Her tenure as the top Mountie has been marked by internal and external challenges, including allegations of systemic racism within the force, growing calls to defund the police and questions over the response to the devastating mass shooting in Nova Scotia in 2020.
She also steered the force through the COVID-19 pandemic and the “Freedom Convoy” early last year, when protesters decrying COVID-19 health restrictions and Prime Minister Justin Trudeau’s government clogged the streets around Parliament Hill and at several U.S. border crossings.
Public Safety Minister Marco Mendicino said Duheme, who currently oversees federal policing for the Mounties, will take over the job on Saturday.
“I have every confidence that his extensive experience in policing across the country and around the world has prepared him well to lead our national police force,” the minister said in a statement.
Duheme was among the RCMP officials to testify during last fall’s Public Order Emergency Commission into the federal government’s decision to use the Emergencies Act during the convoy protests.
According to his biography, he enters the role after 34 years as a police officer. He began his career in Nova Scotia.

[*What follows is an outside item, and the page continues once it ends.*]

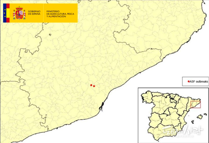 스페인 농림수산식품부(MAPA)는 카탈루냐 주정부 공식 수의당국이 바르셀로나 인근 벨라테라에서 발견된 야생멧돼지 폐사체 2마리에서 ASF 바이러스 양성을 확인해 보고했다고 28일(현지시각) 밝혔습니다. 두 개체 모두 지난 26일 폐사한 상태로 발견됐으며, 마드리드 알헤테 중앙수의연구소가 정밀검사 끝에 이를 확진했습니다. 스페인에서 ASF가 확인된 것은 1994년 11월 이후 처음입니다. 30년 만에 재발한 것입니다.

Lucki had been given the mandate of advancing reconciliation with Indigenous communities when she started the job.
The RCMP polices most Inuit, Metis and First Nations communities in Canada, due to its responsibility to police much of rural Canada under contract agreements with the provinces—except in Ontario and Quebec, which have their own provincial forces.
Mendicino said Friday that the details of that process will be revealed in due course.
When Lucki announced that she was retiring last month, she said in a statement that she is leaving the position “knowing I did my best.”